It’s easy to enjoy poker when we’re choosing which tournament to watch. When focused on strategic improvements, there’s also a progressive enjoyment to be found in improvements you can make to your own game. When poker crops up in Hollywood films, however, most poker fans will be gritting their teeth, hoping that the makers are able to make it through what is something of a movie minefield. Will the makers be able to make the poker convincing and truthful while still being entertaining enough to justify its use in the film? Unless poker is the movie’s genre, it can be a tricky balance to make.
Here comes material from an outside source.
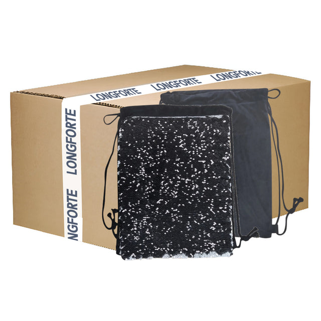 VOLLER KARTON - 50 x Paillettenbeutel mit Kordelzug - 38,5 cm x 30 cm - SCHWARZ
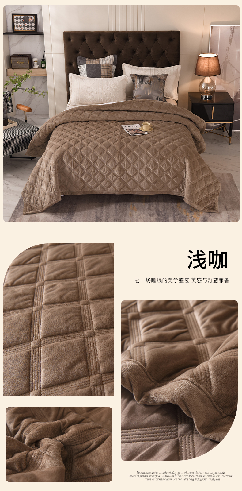 商品名称:恩和家纺 2024新款水晶绒牛奶绒法兰绒床盖方格款 方格款-浅咖

In the 1973 film The Sting, starring Robert Redford and Paul Newman, the art of the con is explored as both characters cross and double-cross those around them. It makes a lot of sense to include a scene based around a poker table. It’s Paul Newman’s character, Henry ‘Shaw’ Gondorff, starts the scene playing poker at a table which includes his enemy in the film, mob boss Doyle Lonnegan, played by former Bond villain and Jaws victim, Robert Shaw.
“They wouldn’t let you in here if you weren’t a chump!” Gondorff gleefully tells a player in the poker game, and having angered the others in the game, Newman’s character has whittled it down to just two other people, including his enemy, and the ’mark’ in the trick, Lonnegan.
With Lonnegan reloading, the two then clash in the fateful hand, where both men are not going to showdown with the cards they were dealt. The trick is, we see as the audience, knowing where to pitch the final trick.